Especially for mapping and alignment procedures, the best practice would be to consider the complete available information at the same time (i.e. sequence, sequence occurrence count and average quality score). However, standard alignment tools are generally unable to leverage the occurrence count field of Fasta/Fastq files. Hence, the analyst is left with two options: (i) customizing the mapping procedure to consider the read counts during the alignment algorithm [We have adapted BWA and Yara aligners to consider the occurrences stored in the header of each read of the collapsed Fastq files, and the modified code is provided in two additional GitHub repositories (links provided in the Supplementary Availability section)]. (ii) Align the not-redundant reads and then re-expand the compact aligned files, exploiting the occurrence counts to replicate the original entries. The latter functionality is implemented by BioSeqZip_Expander. This module re-expands the output files of alignment/mapping tools by replicating each Tag by the occurrence count of each sample. By doing so, it restores an expanded collection of redundant sequences and corresponding mapping locations.

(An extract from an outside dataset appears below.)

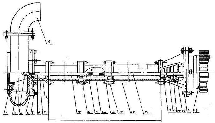 NL型泥漿泵系單級液下泵沿用國內(nèi)先進的工藝技術(shù)研發(fā)生產(chǎn),主要部件有蝸殼、葉輪、泵座、泵殼、支撐筒、電機座、電動機等組成。蝸殼、泵座、電機座、葉輪螺母是生鐵鑄造、耐腐性、耐腐蝕性較好,加工工藝方便。葉輪為三片單園弦彎葉,選用半封閉葉輪,并采用可鍛鑄鐵、所以強度高,耐腐蝕;加工方便,通過性好,效率高。為了減輕重量和減少車削量、泵軸是優(yōu)質(zhì)碳素鋼冷拉園鋼制造。座中裝有四只骨架油封和軸套,防止軸磨損,延長軸的使用壽命。污水泥漿泵可垂直或傾斜使用,占地面積小,蝸殼需埋在工作介質(zhì)中工作,容易啟動,不需弓I水,旋轉(zhuǎn)方向應(yīng)從電機尾部看是順時針方向工作。總機長度備有各種規(guī)格,以便使用單位根據(jù)用途因地制宜地選用。

Multi-mapped reads can be handled either with a random assignation strategy, as done by BWA (Li and Durbin, 2009), or with a first position policy, like Yara (Siragusa, 2015), where the additional locus are listed in a custom field of the SAM file.

BioSeqZip_Expander is meant for re-expanding the output of any alignment tool, to obtain the same output that would have been generated by aligning the raw non-collapsed sample. As long as each SAM record stores the original name of the aligned read, BioSeqZip_Expander is able to parse it and extract the number of times the sequence was found by the BioSeqZip_Collapser in the raw sample. Then, the target SAM record is written that number of time to the final output file, which represents the expanded alignment file. BioSeqZip_Expander can deal with the two most common file formats for alignment files: SAM and BAM.

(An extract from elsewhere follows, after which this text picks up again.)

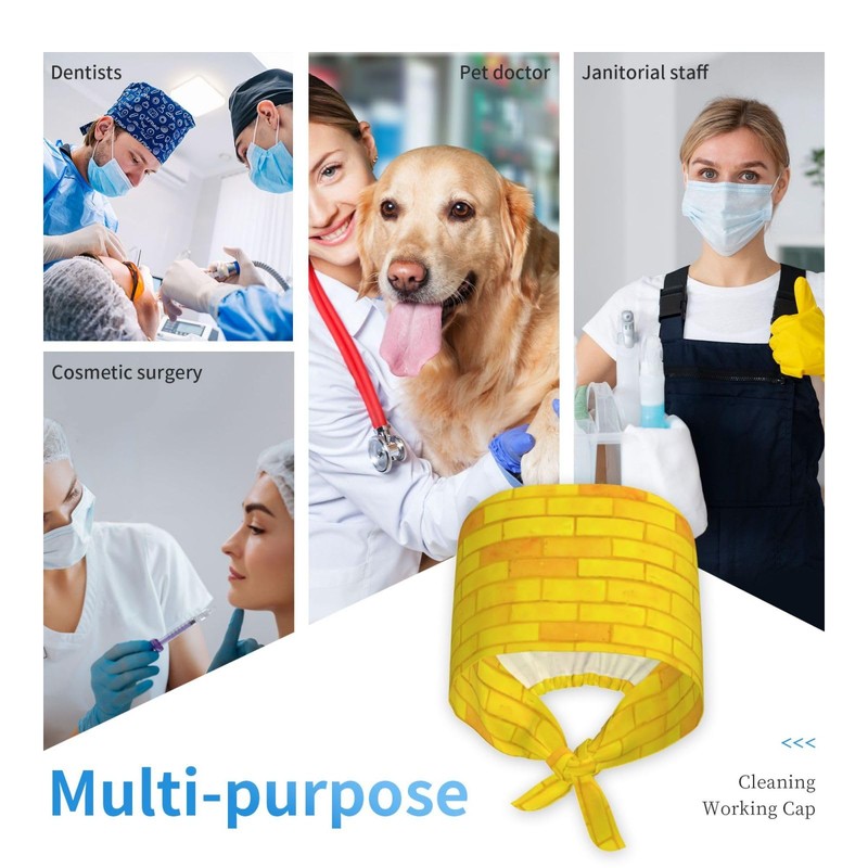 YANGZHI Brick Road Gold Yellow Unisex Adjustable Surgical Sweatband - Elastic Bandage Cap - Scrub Caps for Nurse Working Cap

In the case of MS collapsing, BioSeqZip_Expander will exploit the supplementary table generated by the MS collapsing strategy to restore the correct number of read sequence and originally detected in each corresponding sample.

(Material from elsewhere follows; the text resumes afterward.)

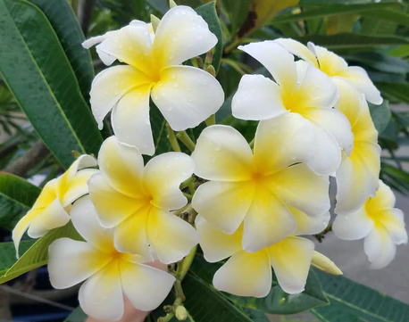 Mele Pa Bowman (Plumeria rubra x obtusa 'Mele Pa Bowman'), an evergreen tropical shrub/tree, grows 1.8-6 m with moderate growth in well-drained sandy soil, thrives in full sun with moderate moisture, is non-edible with no medicinal benefits, and produces yellow and white flowers with a strong perfume fragrance in summer-fall.

## 3 Results and discussion

We tested BioSeqZip on a set of 32 transcriptomic samples of 16 different human tissues from the Human Body Map 2.0 Project (ERP000546). This set, characterized by the presence of both SE and PE reads, was generated with the HiSeq 2000 sequencing technology (Ogasawara et al., 2006).

To assess our methodology, we evaluated four popular alignment tools on both collapsed and not collapsed reads. We decided to evaluate the quality and computational costs of the alignment, because it is the fundamental step of any sequencing data analysis.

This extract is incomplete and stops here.